From 2603401fa1f899a8ff60ec6a134d5bd511073a9d Mon Sep 17 00:00:00 2001
From: Thomas Schwinge <tschwinge@gnu.org>
Date: Tue, 7 Aug 2012 23:25:26 +0200
Subject: IRC.

---
 open_issues/performance/io_system/read-ahead.mdwn | 280 ++++++++++++++++++++++
 1 file changed, 280 insertions(+)

(limited to 'open_issues/performance/io_system')
diff --git a/open_issues/performance/io_system/read-ahead.mdwn b/open_issues/performance/io_system/read-ahead.mdwn
index 710c746b..657318cd 100644
--- a/open_issues/performance/io_system/read-ahead.mdwn
+++ b/open_issues/performance/io_system/read-ahead.mdwn
@@ -1565,3 +1565,283 @@ License|/fdl]]."]]"""]]
     <braunr> mcsim1: just use sane values inside the kernel :p
     <braunr> this simplifies things by only adding the new vm_advise call and
       not change the existing external pager interface
+
+
+## IRC, freenode, #hurd, 2012-07-12
+
+    <braunr> mcsim: so, to begin with, tell us what state you've reached please
+    <mcsim> braunr: I'm writing code for hurd and gnumach. For gnumach I'm
+      implementing memory policies now. RANDOM and NORMAL seems work, but in
+      hurd I found error that I made during editing ext2fs. So for now ext2fs
+      does not work
+    <braunr> policies ?
+    <braunr> what about mechanism ?
+    <mcsim> also I moved some translators to new interface.
+    <mcsim> It works too
+    <braunr> well that's impressive
+    <mcsim> braunr: I'm not sure yet that everything works
+    <braunr> right, but that's already a very good step
+    <braunr> i thought you were still working on the interfaces to be honest
+    <mcsim> And with mechanism I didn't implement moving pages to inactive
+      queue
+    <braunr> what do you mean ?
+    <braunr> ah you mean with the sequential policy ?
+    <mcsim> yes
+    <braunr> you can consider this a secondary goal
+    <mcsim> sequential I was going to implement like you've said, but I still
+      want to support moving pages to inactive queue
+    <braunr> i think you shouldn't
+    <braunr> first get to a state where clustered transfers do work fine
+    <mcsim> policies are implemented in function calculate_clusters
+    <braunr> then, you can try, and measure the difference
+    <mcsim> ok. I'm now working on fixing ext2fs
+    <braunr> so, except from bug squashing, what's left to do ?

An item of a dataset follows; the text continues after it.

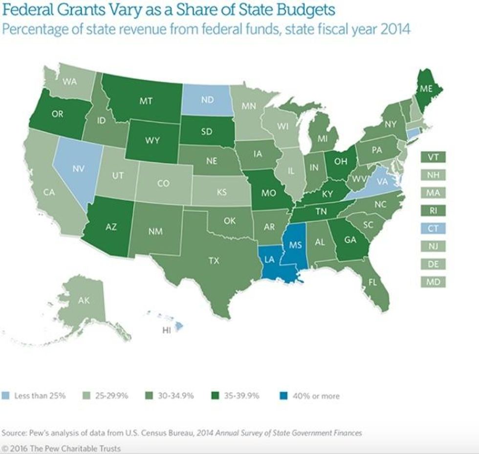 According to an analysis by The Hill reporter Reid Wilson of new data (pdf) published by Pew Charitable Trusts on Monday, "the average state that voted against [President Barack] Obama twice relied on federal funding for an average of 33.8 percent of itsbudget." In contrast, "Among the 27 states that voted for Obama twice, federal grants made up 29.9 percent of the average state budget."
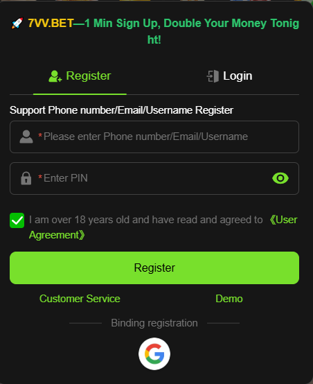 - Launch your browser and visit 7VV Bet Game’s official website.

+    <mcsim> finish policies and ext2fs; move fatfs, ufs, isofs to new
+      interface; test this all; edit patches from debian repository, that
+      conflict with my changes; rearrange commits and fix code indentation;
+      update documentation;
+    <braunr> think about measurements too
+    <tschwinge> mcsim: Please don't spend a lot of time on ufs.  No testing
+      required for that one.
+    <braunr> and keep us informed about your progress on bug fixing, so we can
+      test soon
+    <mcsim> Forgot about moving system to new interfaces (I mean determine form
+      of vm_advise and memory_object_change_attributes)
+    <braunr> s/determine/final/
+    <mcsim> braunr: ok.
+    <braunr> what do you mean "moving system to new interfaces" ?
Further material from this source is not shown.